Wheel caching and non-deterministic builds

I’m a maintainer for the cocotb project. We are finally trying to solve a particular annoying bug for our users regarding our build process.

One of the C libraries we build requires us to pull headers from the user’s system (they are proprietary headers). If those headers are not found, that libraries is not built and a message is printed. Attempts to use the library that failed to build will fail at runtime.

So, we have a non-deterministic build process. However, pip always caches the built wheel. The user later attempts to load the missing library and it fails. They try reinstalling our package, or even force-reinstalling, to no avail.

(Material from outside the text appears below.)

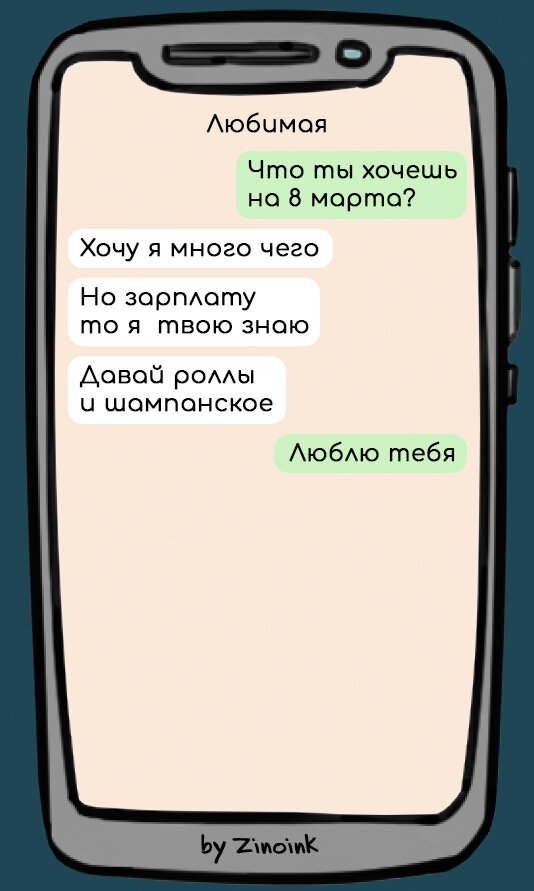 Сегодня я собрал 7 смешных переписок о том, что подарить любимой на 8 марта. Уверен, они вам понравятся и будут полезны). Приятного чтения и отличного настроения.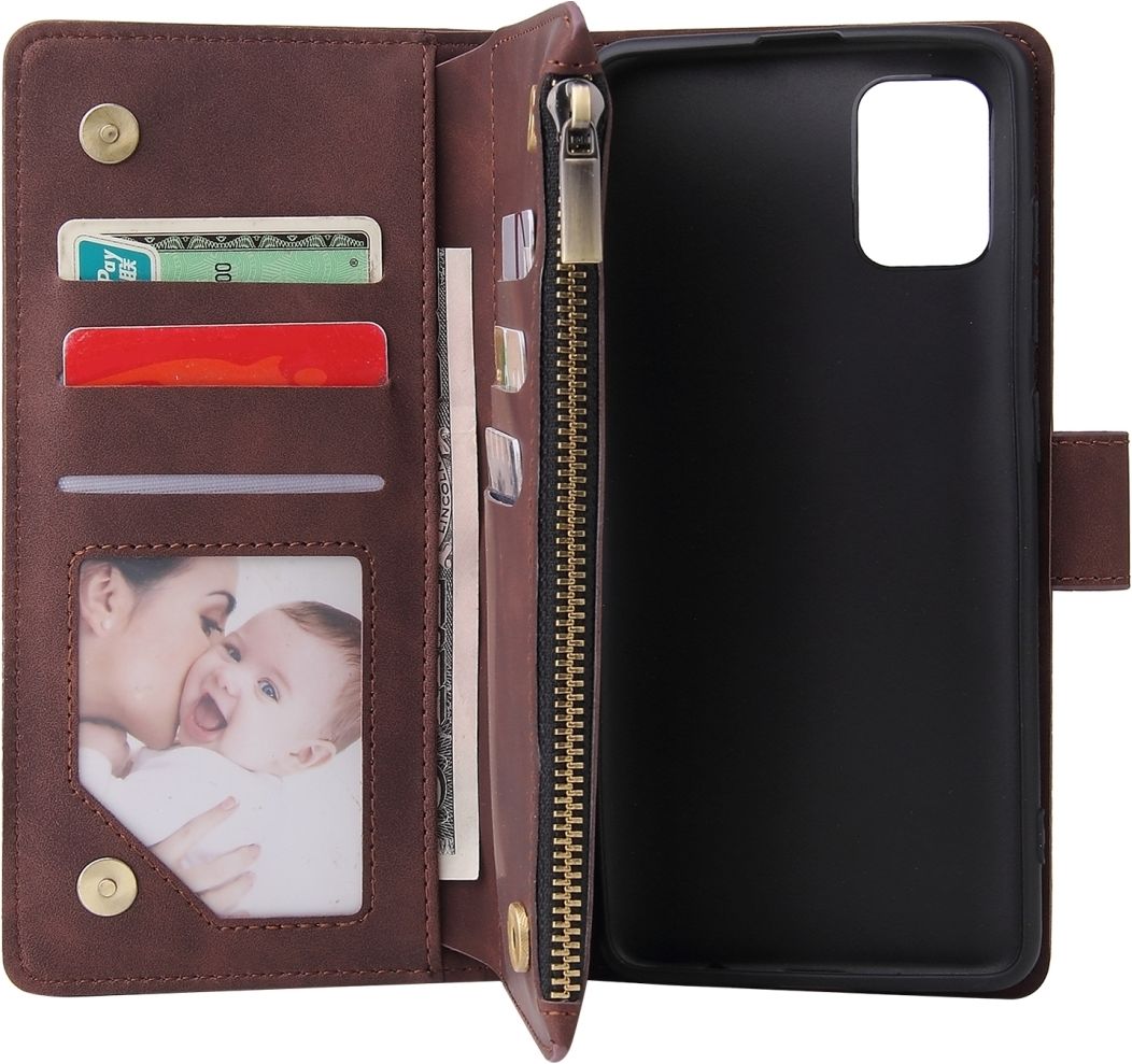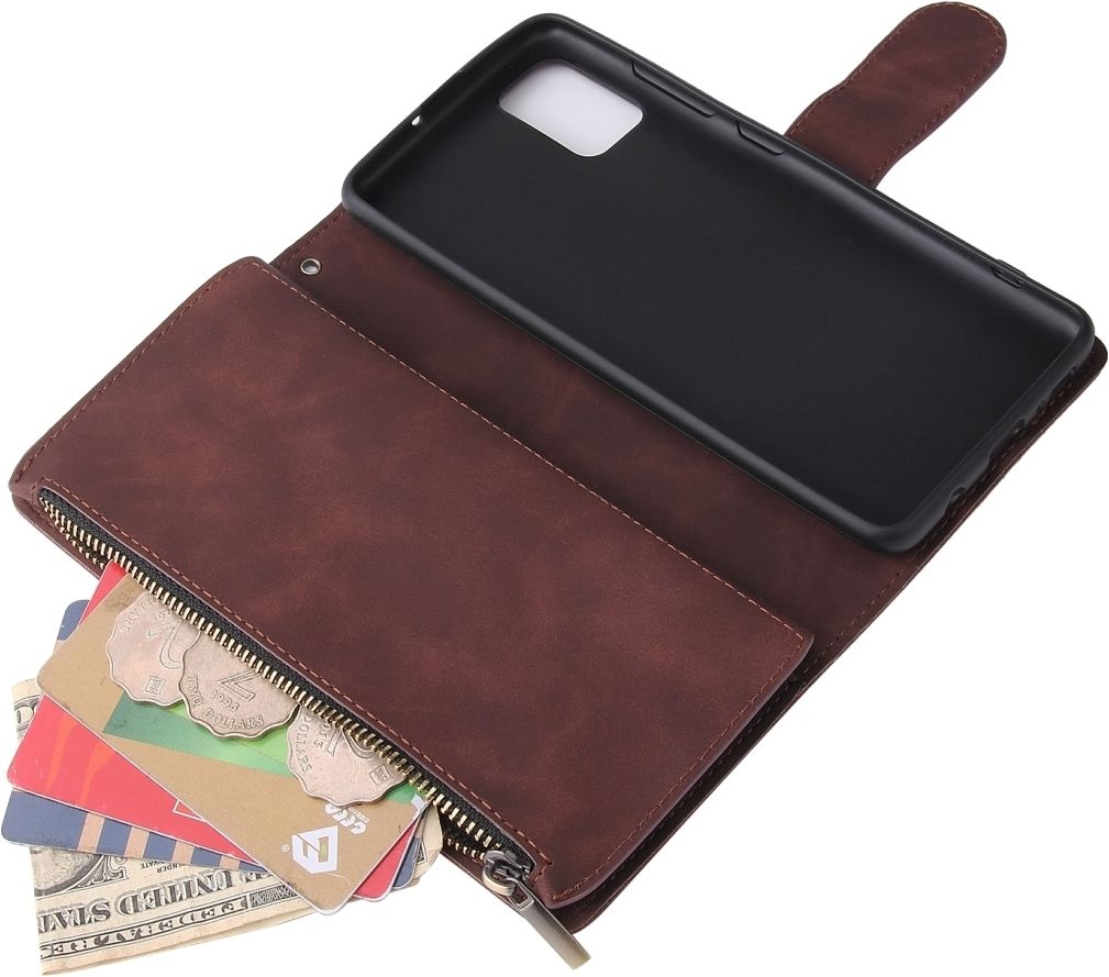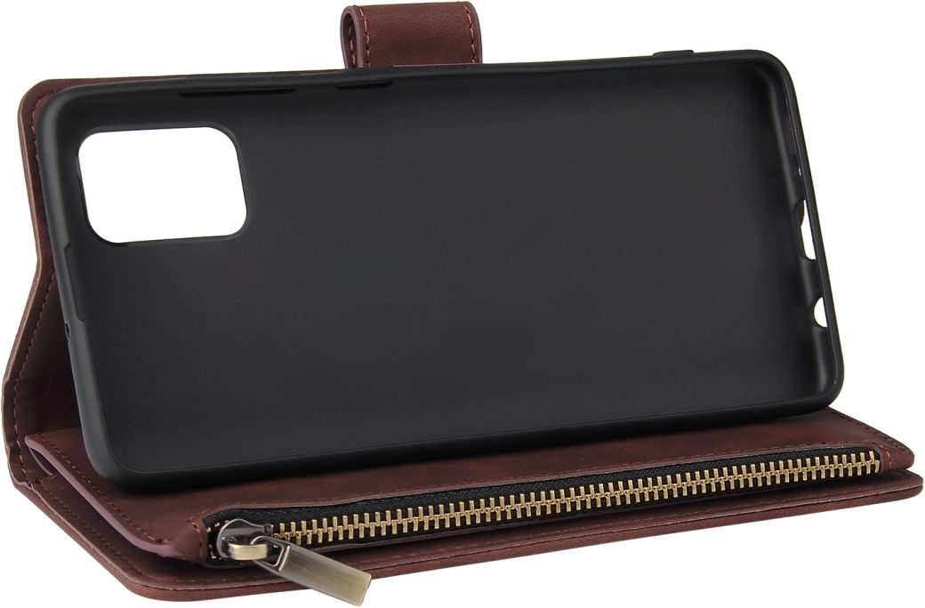 Mobigear Zipper Samsung Galaxy A51 Hoesje Bookcase Portemonnee - Bruin

Most of them are unaware that pip caches built wheels and there is an option to turn off that behavior that is required to actually rebuild the wheel to include the library they need.

This isn’t the first time our project has had issues with the wheel cache. In that issue, the wheel cache would store wheels with C libraries that had RPATHs hardcoded pointing to a particular Python environment. That wheel and the RPATHs would be reused in successive installs into other environments on the system, but the Python environment the RPATH pointed to could be deleted.

So I have some questions:

  1. Where are the rules/assumptions of pip, wheel, or whatever dictates the current PEP517-compliant setuptools-based build process detailed?
  2. Is having a non-deterministic build against the rules?
  3. It would be serious effort, but would it preferable to separate out the non-deterministic part into it’s own package that can deterministically build/fail? Thus making the combined build process deterministic?
  4. Why is there no way to state in the project source that wheels created from that project are not safe to cache?
  5. Why is caching the default behavior? Any code in setup.py has the potential to make builds non-deterministic and potentially not reusable. Any difference in the user’s shell environment could also affect the build.
1 Like

I took a quick look and was surprised to find that there’s no statement in any of the “obvious” places in the specs, but the basic rule used by pip is that two wheels with the same name and version are assumed to be functionally identical.

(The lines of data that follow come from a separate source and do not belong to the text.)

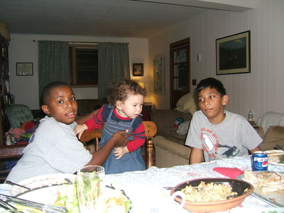Here’s Tim on the left, soon to be nine, and Joe, twelve, with Catherine (turns two in January) in between them, doing her thing. Tim (the football player) is hanging on!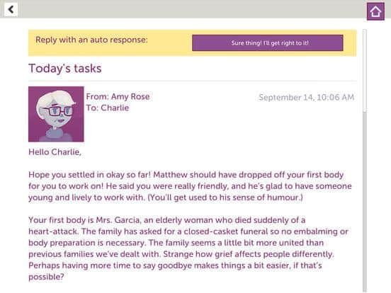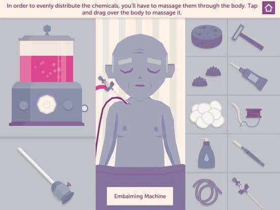 A Mortician's Tale – необычная игра для IOS, где вы будете играть роль руководителя похоронного бюро. В этой игре вы возьмете на себя роль владельца похоронного бюро, которому необходимо подготовить тело покойного, посетить его похороны и выслушать рассказы близких. Для начала вы побываете на похоронах Чарли, которого необходимо бальзамировать и затем выслушать увлекательные рассказы его близких и подчиненных. Взгляните на мир западной похоронной индустрии с юмористической точки зрения и информативности.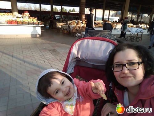 Я вчера с мандаринкой погуляла, а сегодня - с яблочком)))

A non-deterministic build would break that rule, yes. Although I don’t like the term “non-deterministic” here, the build is deterministic, but tries to adapt to the user’s environment in ways that cannot be captured in build tags. In particular, the wheel is safe to cache, unless the user installs or uninstalls the optional dependency - something that won’t happen randomly.

The normal way of handling this appears to be to split out the part that depends on the optional library, as you suggest. But I don’t work with libraries that have this sort of dependency, so I’m not the best person to advise on options here.

There’s no way to state that wheels are not safe to cache, (1) because we never thought there would be a need, and (2) projects have never suggested that it would be useful in the past. Also it would have a significant performance impact (see next point).

Caching is the default because it provides massive speedups, particularly for packages that are reinstalled a lot (common in situations that use lots of virtual environments, for example testing). Making users enable a cache every time would negate most of that benefit. And while it’s certainly possible for setup.py to build totally different things every time, that’s not the norm, and the trend is moving away from that sort of scenario (static build definitions, like setup.cfg, are becoming much more common).

Presumably you already have to tell your users not to build their own wheel of your package and use that? So you could also advise them at the same time to add --no-binary <your-package> when invoking pip.

3 Likes

Why not making the cache opt-out, e.g. add a pyproject.toml or setup.py option to disable it for a particular project that knows it can produce different wheels every time?

2 Likes

That’s an option.

It wouldn’t work as a setup.py option, as the cache is a pip feature, and setup.py is for setuptools¹. But it could be in pyproject.toml as a tool-specific option for pip, although pip currently doesn’t use pyproject.toml for any of its options so there could be unexpected complexities to iron out there.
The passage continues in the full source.